> [Data]:
Content starts
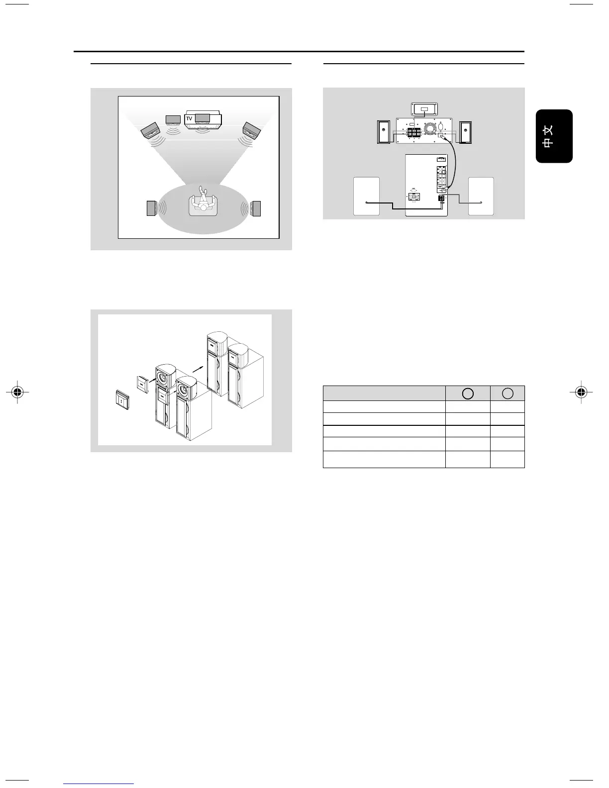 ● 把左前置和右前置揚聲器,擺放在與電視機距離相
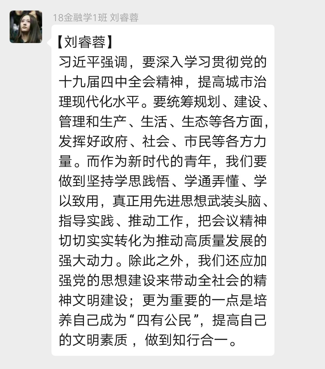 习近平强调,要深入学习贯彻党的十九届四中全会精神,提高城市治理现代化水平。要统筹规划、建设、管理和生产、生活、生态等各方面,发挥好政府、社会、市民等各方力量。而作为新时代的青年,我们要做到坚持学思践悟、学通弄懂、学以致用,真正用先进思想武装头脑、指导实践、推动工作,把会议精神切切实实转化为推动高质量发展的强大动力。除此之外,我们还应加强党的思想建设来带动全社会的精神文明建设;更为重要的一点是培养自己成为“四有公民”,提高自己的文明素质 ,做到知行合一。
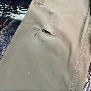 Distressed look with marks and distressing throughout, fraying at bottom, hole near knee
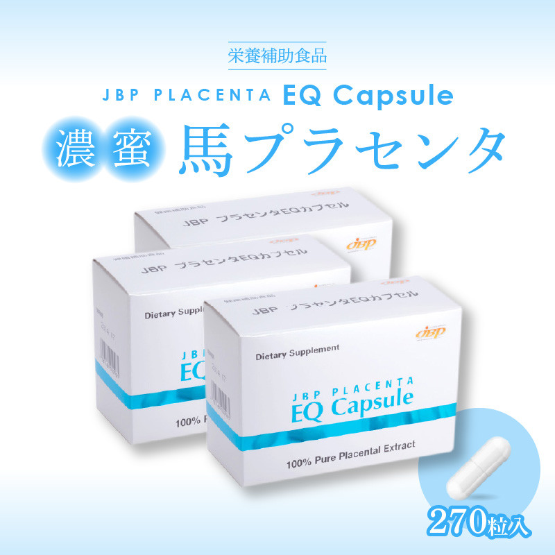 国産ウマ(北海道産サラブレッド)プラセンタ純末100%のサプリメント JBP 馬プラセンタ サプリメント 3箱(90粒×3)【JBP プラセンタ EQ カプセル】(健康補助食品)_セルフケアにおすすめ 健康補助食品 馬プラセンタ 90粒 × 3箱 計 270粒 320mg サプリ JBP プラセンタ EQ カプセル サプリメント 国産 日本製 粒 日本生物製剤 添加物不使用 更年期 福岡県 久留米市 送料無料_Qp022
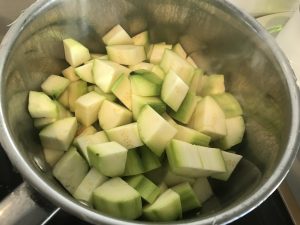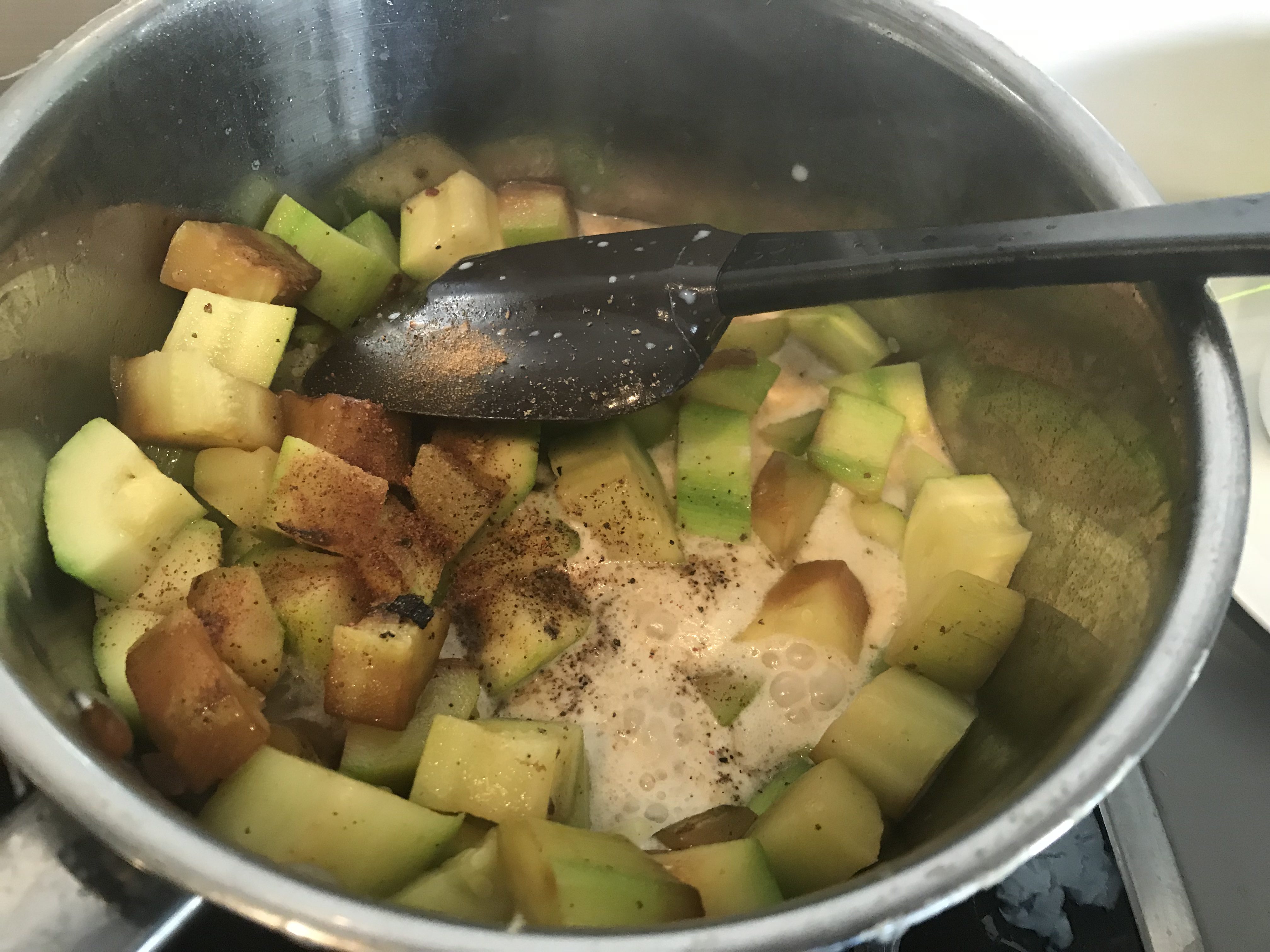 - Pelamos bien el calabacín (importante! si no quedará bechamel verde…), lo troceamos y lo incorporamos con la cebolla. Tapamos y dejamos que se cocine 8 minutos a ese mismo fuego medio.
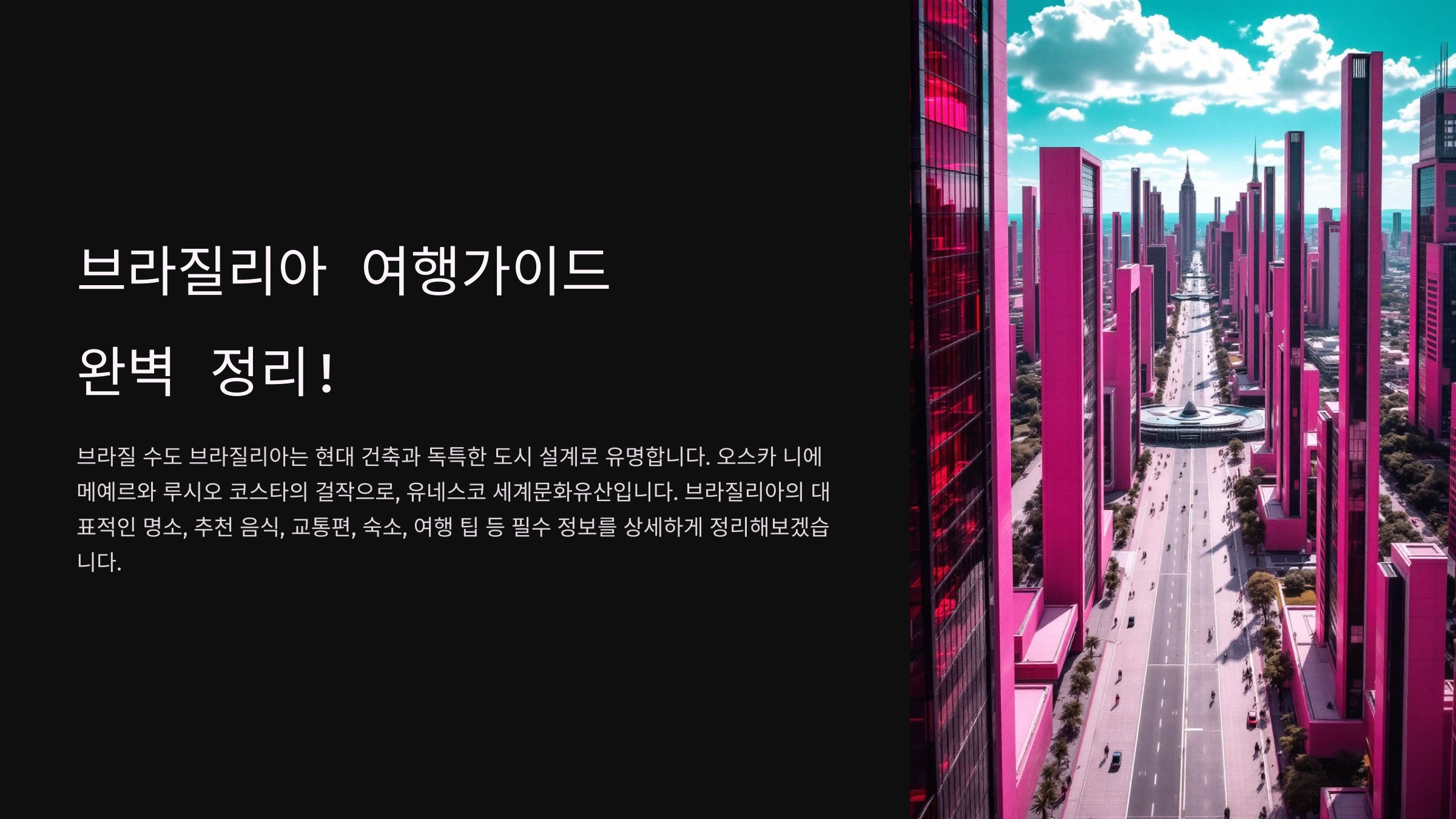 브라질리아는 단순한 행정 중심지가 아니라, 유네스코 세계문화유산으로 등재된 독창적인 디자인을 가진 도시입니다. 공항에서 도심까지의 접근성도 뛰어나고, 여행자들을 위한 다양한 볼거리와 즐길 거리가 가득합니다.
Content ends
Content starts
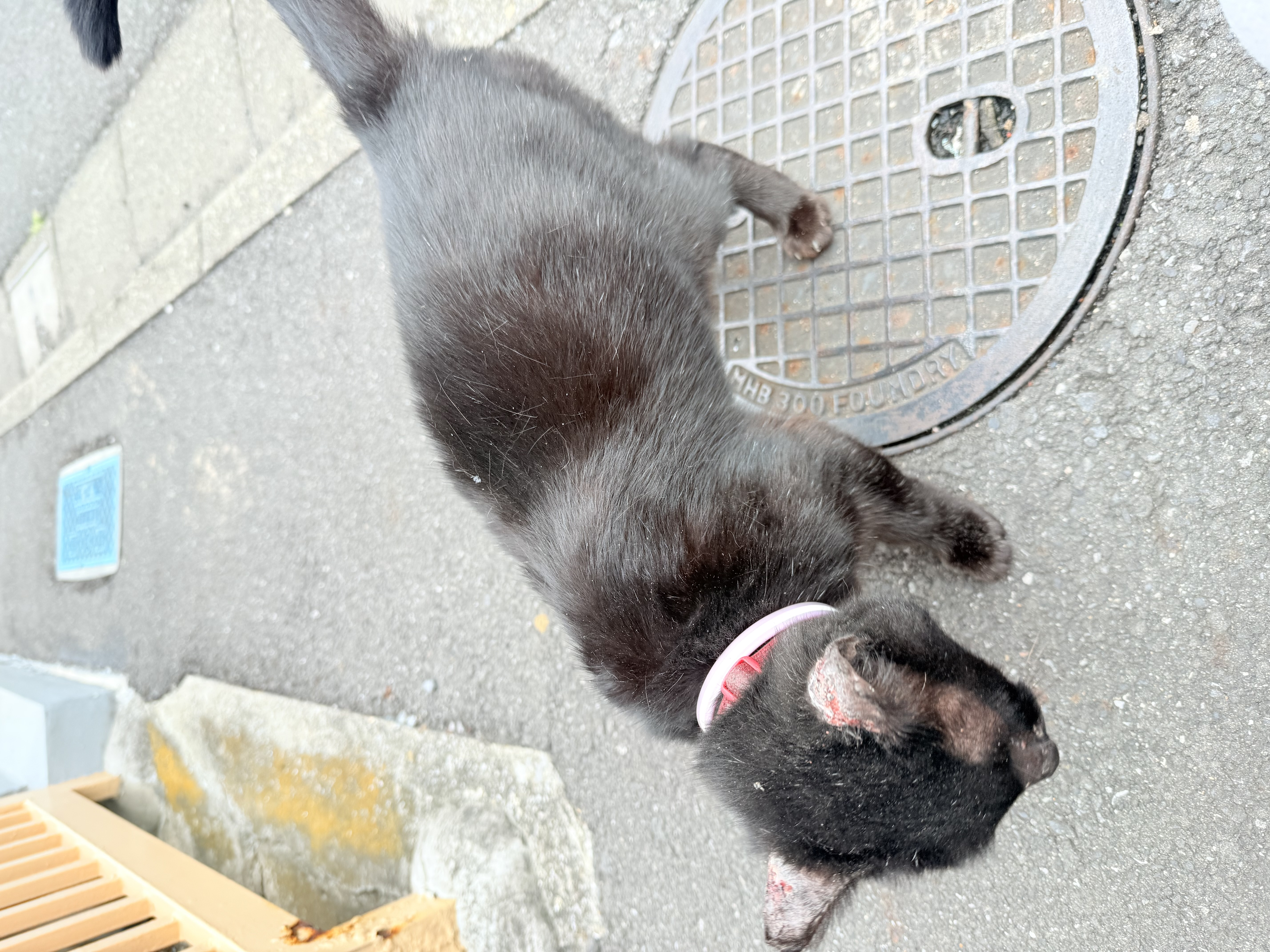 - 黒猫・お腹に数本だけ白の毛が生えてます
Content ends
Content starts
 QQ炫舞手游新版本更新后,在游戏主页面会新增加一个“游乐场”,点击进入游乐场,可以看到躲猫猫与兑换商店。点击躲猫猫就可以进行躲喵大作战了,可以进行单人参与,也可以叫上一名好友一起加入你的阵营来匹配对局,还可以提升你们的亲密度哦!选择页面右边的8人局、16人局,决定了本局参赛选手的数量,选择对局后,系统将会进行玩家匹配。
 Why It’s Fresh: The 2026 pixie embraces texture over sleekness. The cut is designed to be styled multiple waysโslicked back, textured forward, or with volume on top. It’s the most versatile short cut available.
Content ends
> [Exercise brief]: Your answer should be the exact lines above from the one containing "国産ウマ(北海道産サラブレッド)プラセンタ純末100%のサプリメント JBP 馬プラセンタ" through the one containing "브라질리아는 단순한 행정", with both end lines kept and the pictures removed, please.

> [Exercise solution]:
 国産ウマ(北海道産サラブレッド)プラセンタ純末100%のサプリメント JBP 馬プラセンタ サプリメント 3箱(90粒×3)【JBP プラセンタ EQ カプセル】(健康補助食品)_セルフケアにおすすめ 健康補助食品 馬プラセンタ 90粒 × 3箱 計 270粒 320mg サプリ JBP プラセンタ EQ カプセル サプリメント 国産 日本製 粒 日本生物製剤 添加物不使用 更年期 福岡県 久留米市 送料無料_Qp022
 - Pelamos bien el calabacín (importante! si no quedará bechamel verde…), lo troceamos y lo incorporamos con la cebolla. Tapamos y dejamos que se cocine 8 minutos a ese mismo fuego medio.
 브라질리아는 단순한 행정 중심지가 아니라, 유네스코 세계문화유산으로 등재된 독창적인 디자인을 가진 도시입니다. 공항에서 도심까지의 접근성도 뛰어나고, 여행자들을 위한 다양한 볼거리와 즐길 거리가 가득합니다.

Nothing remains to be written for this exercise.